On Wed, Aug 01, 2018 at 01:07:03AM -0700, Sodagudi Prasad wrote:
> On 2018-07-30 14:07, Peter Zijlstra wrote:
> >On Mon, Jul 30, 2018 at 10:12:43AM -0700, Sodagudi Prasad wrote:
> >>How about including below change as well? Currently, there is
> >>no way to
> >>identify thread migrations completed or not. When we observe
> >>this issue,
> >>the symptom was work queue lock up.
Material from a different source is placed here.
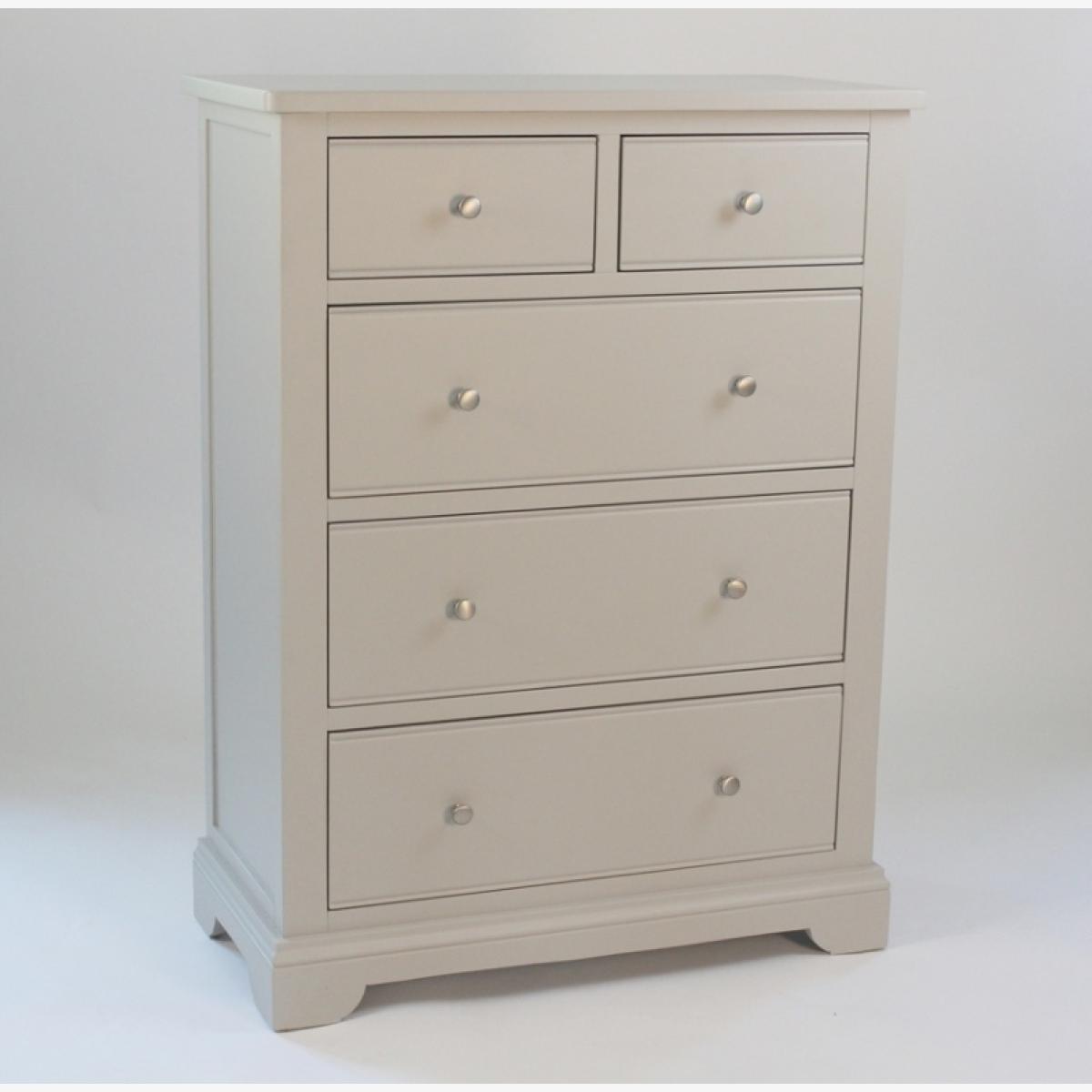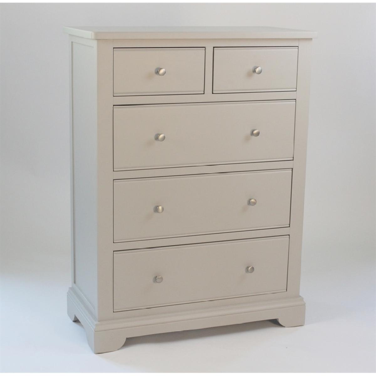 Loire 2+3 Drawer Chest destined to contribute a long-lasting and highly useful presence to any bedroom it graces. The 5 sturdy drawers offering a large capacity for bulk storage and top can hold lamps, photos or ornaments and can be wiped clean with minimal effort. The delicate grey painted finish with groove detailing on the drawer fronts and metal silver knobs give a rich and bold look, perfect for modern design tastes. MDF and Pine Material Grey Painted Finish Chrome Knob Net Product Weight-42 kg Height: 122.6cm Width: 89cm Depth: 43.1cm

It is better to have some
> >>timeout here
> >>and induce the bug_on.
> >
> >You'd trigger the soft-lockup or hung-task detector I think. And
> >if not,
> >we ought to look at making it trigger at least one of those.
> >
> >>There is no way to identify the migration threads stuck or not.
> >
> >Should be pretty obvious from the splat generated by the above, no?
> Hi Peter and Thomas,
>
> Thanks for your support.
> I have another question on this flow and retry mechanism used in
> this cpu_stop_queue_two_works() function using the global variable
> stop_cpus_in_progress.
>
> This variable is getting used in various paths, such as task
> migration, set task affinity, and CPU hotplug.
>
> For example cpu hotplug path, stop_cpus_in_progress variable getting
> set with true with out checking.
> takedown_cpu()
> --stop_machine_cpuslocked()
> ---stop_cpus()
> ---__stop_cpus()
> ----queue_stop_cpus_work()
> setting stop_cpus_in_progress to true directly.
>
> But in the task migration path only, the stop_cpus_in_progress
> variable is used for retry.
>
> I am thinking that stop_cpus_in_progress variable lead race
> conditions, where CPU hotplug and task migration happening
> simultaneously. Please correct me If my understanding wrong.
>

The stop_cpus_in_progress variable is to guard against out of order queuing.
The stopper locks does not protect this when cpu_stop_queue_two_works() and
stop_cpus() are executing in parallel.

stop_one_cpu_{nowait} functions are called to handle affinity change and
load balance. Since we are queuing the work only on 1 CPU,
stop_cpus_in_progress variable protection is not needed.

Thanks,
Pavan
--
Qualcomm India Private Limited, on behalf of Qualcomm Innovation Center, Inc.
Qualcomm Innovation Center, Inc. is a member of Code Aurora Forum, a Linux Foundation Collaborative Project.